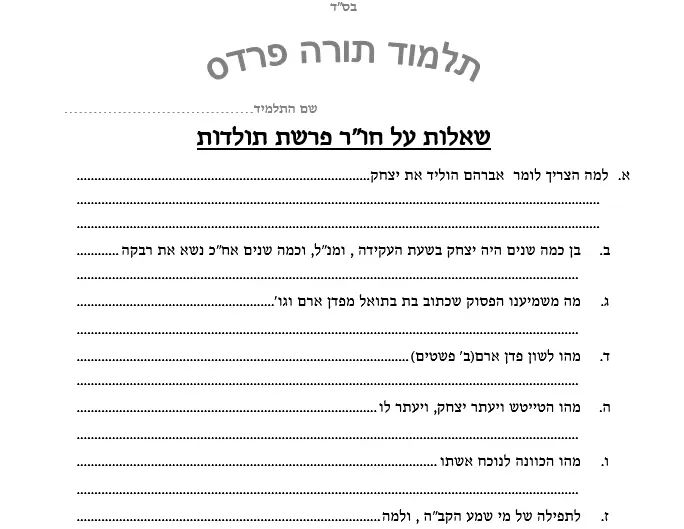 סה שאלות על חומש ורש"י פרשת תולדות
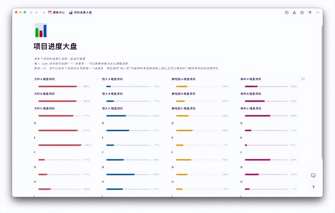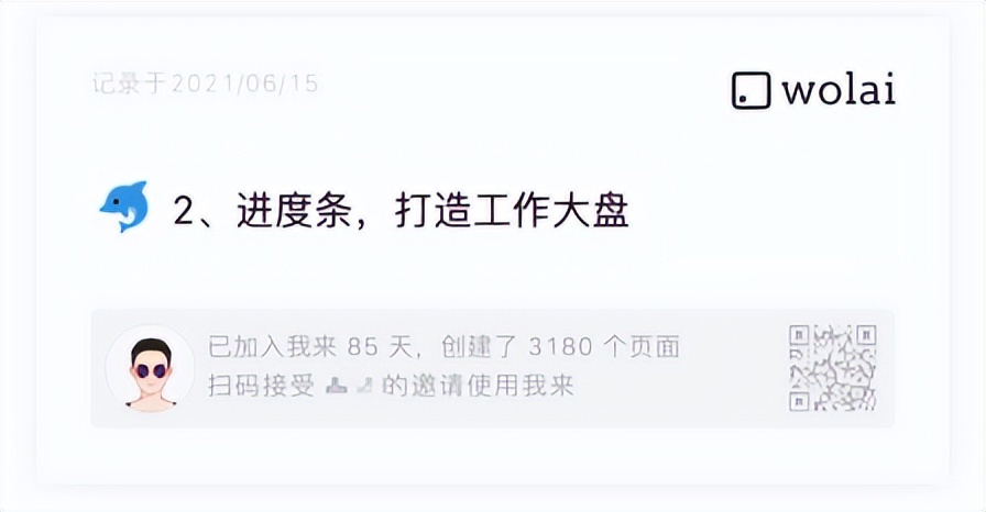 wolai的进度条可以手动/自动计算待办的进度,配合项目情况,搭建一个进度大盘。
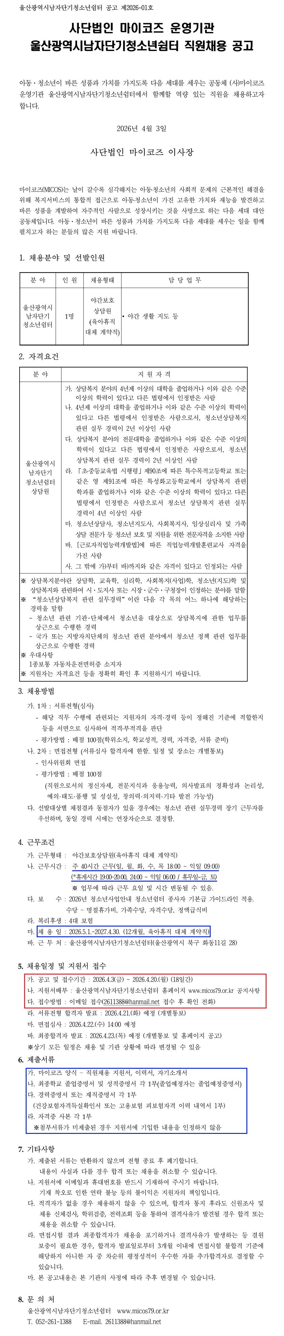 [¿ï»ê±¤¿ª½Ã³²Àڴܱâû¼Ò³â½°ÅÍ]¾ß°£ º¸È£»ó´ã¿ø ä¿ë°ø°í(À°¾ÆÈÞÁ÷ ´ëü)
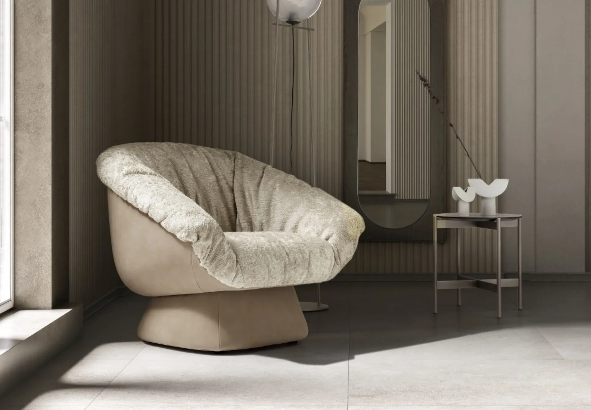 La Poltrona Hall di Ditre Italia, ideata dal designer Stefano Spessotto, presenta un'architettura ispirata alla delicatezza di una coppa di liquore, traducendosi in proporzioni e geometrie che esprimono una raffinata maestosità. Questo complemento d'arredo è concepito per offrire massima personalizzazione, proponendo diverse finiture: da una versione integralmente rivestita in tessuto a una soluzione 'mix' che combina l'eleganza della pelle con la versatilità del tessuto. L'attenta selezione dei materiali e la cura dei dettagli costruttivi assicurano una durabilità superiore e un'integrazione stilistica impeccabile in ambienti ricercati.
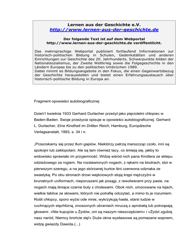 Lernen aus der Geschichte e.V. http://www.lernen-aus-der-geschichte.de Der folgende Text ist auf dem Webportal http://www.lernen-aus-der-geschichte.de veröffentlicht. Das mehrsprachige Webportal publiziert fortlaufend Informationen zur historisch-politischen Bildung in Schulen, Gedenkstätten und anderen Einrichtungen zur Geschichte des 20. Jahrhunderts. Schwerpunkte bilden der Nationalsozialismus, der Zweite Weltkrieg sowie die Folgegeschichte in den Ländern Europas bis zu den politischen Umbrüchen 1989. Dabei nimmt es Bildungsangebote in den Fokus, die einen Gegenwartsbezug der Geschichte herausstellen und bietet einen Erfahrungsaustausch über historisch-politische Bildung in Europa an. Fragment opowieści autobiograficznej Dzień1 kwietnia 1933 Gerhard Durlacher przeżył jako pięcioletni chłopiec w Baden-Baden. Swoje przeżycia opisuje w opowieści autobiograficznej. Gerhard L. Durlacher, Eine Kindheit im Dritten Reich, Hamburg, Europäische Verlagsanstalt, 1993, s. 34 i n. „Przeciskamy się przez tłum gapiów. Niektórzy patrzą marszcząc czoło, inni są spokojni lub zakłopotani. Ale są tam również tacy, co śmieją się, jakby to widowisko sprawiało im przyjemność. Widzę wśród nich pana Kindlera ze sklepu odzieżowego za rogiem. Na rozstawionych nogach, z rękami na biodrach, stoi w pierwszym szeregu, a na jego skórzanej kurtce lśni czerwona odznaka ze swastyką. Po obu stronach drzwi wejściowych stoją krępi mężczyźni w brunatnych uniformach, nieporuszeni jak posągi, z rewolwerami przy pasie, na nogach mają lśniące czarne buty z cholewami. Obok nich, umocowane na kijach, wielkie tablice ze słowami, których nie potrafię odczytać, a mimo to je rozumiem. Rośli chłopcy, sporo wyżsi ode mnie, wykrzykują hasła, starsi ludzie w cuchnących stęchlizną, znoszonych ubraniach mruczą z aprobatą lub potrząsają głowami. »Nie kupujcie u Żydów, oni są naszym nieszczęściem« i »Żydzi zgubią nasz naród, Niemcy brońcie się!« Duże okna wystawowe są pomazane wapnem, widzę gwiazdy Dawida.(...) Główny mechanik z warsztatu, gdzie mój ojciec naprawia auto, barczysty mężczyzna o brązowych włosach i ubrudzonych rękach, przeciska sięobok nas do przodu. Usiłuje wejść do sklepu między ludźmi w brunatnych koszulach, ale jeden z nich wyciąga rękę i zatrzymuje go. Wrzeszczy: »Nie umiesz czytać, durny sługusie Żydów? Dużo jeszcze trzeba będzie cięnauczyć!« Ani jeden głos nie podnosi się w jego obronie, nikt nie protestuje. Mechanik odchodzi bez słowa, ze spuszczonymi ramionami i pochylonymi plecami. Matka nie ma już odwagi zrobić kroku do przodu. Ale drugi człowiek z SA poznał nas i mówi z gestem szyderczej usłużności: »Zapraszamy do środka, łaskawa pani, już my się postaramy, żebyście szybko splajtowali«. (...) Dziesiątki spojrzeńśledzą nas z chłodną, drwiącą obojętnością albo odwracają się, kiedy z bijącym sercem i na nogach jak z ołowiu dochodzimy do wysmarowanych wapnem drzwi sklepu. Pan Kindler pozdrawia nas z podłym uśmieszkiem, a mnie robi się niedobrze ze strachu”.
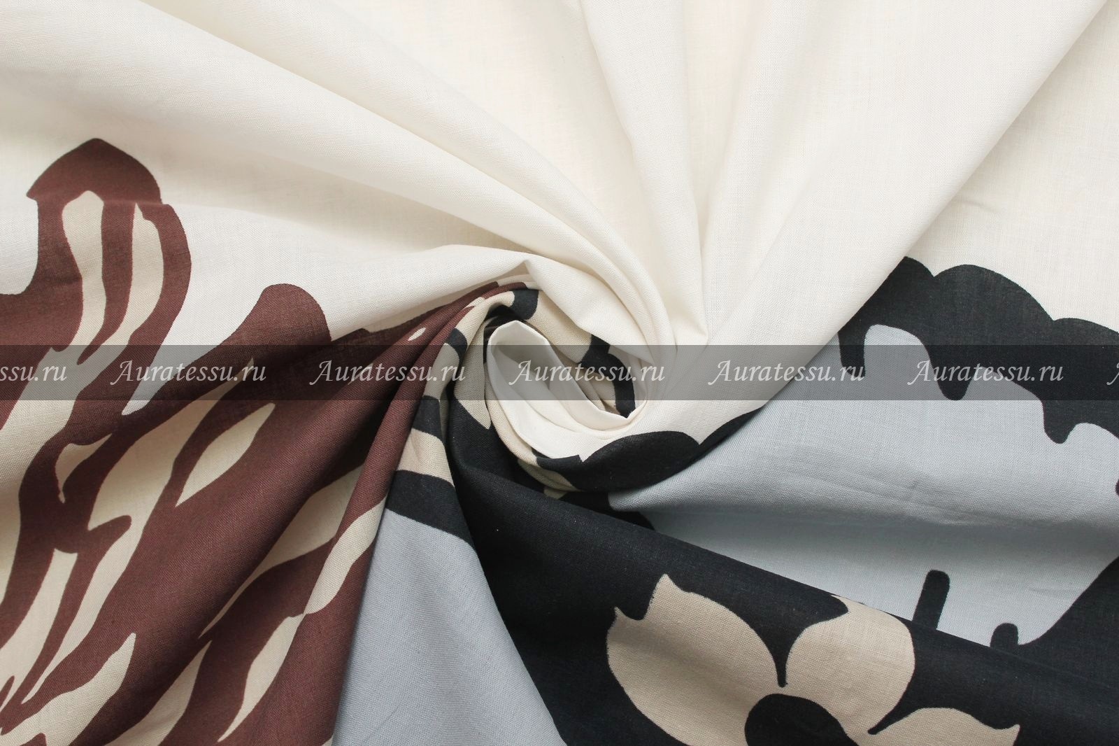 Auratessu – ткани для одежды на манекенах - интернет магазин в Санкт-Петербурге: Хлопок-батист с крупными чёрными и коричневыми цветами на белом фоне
----------------------------------------
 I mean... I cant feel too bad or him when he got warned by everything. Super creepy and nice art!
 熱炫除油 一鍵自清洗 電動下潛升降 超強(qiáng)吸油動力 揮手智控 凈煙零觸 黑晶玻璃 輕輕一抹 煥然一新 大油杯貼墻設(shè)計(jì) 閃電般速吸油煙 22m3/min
----------------------------------------
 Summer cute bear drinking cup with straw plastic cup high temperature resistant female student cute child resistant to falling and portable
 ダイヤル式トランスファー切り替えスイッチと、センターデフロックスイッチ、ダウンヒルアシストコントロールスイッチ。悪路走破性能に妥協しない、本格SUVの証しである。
----------------------------------------
**EXERCISE REQUIREMENTS:** Leaving all pictures out, output exactly the lines of the material above from the line with "סה שאלות על" to the line with "La Poltrona Hall", both included.

**COMPLETED TASK:**
 סה שאלות על חומש ורש"י פרשת תולדות
 wolai的进度条可以手动/自动计算待办的进度,配合项目情况,搭建一个进度大盘。
 [¿ï»ê±¤¿ª½Ã³²Àڴܱâû¼Ò³â½°ÅÍ]¾ß°£ º¸È£»ó´ã¿ø ä¿ë°ø°í(À°¾ÆÈÞÁ÷ ´ëü)
 La Poltrona Hall di Ditre Italia, ideata dal designer Stefano Spessotto, presenta un'architettura ispirata alla delicatezza di una coppa di liquore, traducendosi in proporzioni e geometrie che esprimono una raffinata maestosità. Questo complemento d'arredo è concepito per offrire massima personalizzazione, proponendo diverse finiture: da una versione integralmente rivestita in tessuto a una soluzione 'mix' che combina l'eleganza della pelle con la versatilità del tessuto. L'attenta selezione dei materiali e la cura dei dettagli costruttivi assicurano una durabilità superiore e un'integrazione stilistica impeccabile in ambienti ricercati.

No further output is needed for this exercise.